## [GOAL OF THE EXERCISE]
The lines below starting at the line containing "Kuantan Mudik, Indonesia–Babinsa" and ending at the line containing "음력/반복/알림 추가/설명 추가를 설정한 후 저장버튼을 선택한다." are to be repeated exactly, with both ends kept and nothing else added.

## [INFORMATION SHOWN]

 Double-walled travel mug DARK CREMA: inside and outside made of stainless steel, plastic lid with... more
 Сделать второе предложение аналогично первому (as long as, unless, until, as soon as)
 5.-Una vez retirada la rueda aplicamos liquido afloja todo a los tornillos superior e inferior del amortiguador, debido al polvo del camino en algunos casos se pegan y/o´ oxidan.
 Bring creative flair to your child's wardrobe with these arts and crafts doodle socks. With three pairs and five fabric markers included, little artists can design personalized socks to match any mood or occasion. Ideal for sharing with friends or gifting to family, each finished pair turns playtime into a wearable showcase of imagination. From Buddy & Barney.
---
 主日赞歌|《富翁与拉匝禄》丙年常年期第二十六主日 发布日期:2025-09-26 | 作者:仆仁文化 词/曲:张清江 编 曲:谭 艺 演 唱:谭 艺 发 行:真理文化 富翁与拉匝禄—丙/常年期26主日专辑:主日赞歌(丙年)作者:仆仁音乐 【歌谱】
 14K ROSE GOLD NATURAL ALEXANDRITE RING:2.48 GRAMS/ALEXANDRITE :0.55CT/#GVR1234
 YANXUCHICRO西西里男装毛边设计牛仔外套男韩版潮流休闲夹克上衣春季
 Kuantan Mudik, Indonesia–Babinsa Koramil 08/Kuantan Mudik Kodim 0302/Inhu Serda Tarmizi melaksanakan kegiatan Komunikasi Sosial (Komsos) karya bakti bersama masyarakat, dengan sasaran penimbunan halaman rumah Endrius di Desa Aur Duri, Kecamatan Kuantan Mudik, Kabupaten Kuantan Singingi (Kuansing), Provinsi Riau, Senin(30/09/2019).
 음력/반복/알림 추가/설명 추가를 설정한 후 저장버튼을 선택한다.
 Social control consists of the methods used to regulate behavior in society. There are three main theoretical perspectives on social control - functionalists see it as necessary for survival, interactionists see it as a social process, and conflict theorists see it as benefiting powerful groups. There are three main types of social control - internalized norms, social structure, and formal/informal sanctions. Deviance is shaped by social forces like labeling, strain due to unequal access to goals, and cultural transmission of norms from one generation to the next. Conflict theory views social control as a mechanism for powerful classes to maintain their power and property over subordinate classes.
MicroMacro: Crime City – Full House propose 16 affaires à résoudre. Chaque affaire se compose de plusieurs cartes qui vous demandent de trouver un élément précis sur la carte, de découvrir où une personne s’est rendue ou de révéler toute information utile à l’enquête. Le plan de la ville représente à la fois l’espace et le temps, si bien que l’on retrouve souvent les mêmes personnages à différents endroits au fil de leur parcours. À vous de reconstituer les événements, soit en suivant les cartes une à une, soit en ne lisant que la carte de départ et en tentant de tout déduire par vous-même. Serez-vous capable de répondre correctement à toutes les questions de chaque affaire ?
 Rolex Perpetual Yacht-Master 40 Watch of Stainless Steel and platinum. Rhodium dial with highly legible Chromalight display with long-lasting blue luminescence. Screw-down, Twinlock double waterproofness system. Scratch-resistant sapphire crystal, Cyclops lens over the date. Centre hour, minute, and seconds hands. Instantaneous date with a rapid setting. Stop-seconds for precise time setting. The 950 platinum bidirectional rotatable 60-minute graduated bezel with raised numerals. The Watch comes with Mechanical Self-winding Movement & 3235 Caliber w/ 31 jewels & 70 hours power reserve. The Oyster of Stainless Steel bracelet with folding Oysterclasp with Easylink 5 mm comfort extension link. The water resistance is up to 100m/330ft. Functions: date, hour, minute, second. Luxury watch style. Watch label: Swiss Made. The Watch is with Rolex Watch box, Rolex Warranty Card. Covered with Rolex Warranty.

## [ANSWER FOR THIS EXERCISE]
 Kuantan Mudik, Indonesia–Babinsa Koramil 08/Kuantan Mudik Kodim 0302/Inhu Serda Tarmizi melaksanakan kegiatan Komunikasi Sosial (Komsos) karya bakti bersama masyarakat, dengan sasaran penimbunan halaman rumah Endrius di Desa Aur Duri, Kecamatan Kuantan Mudik, Kabupaten Kuantan Singingi (Kuansing), Provinsi Riau, Senin(30/09/2019).
 음력/반복/알림 추가/설명 추가를 설정한 후 저장버튼을 선택한다.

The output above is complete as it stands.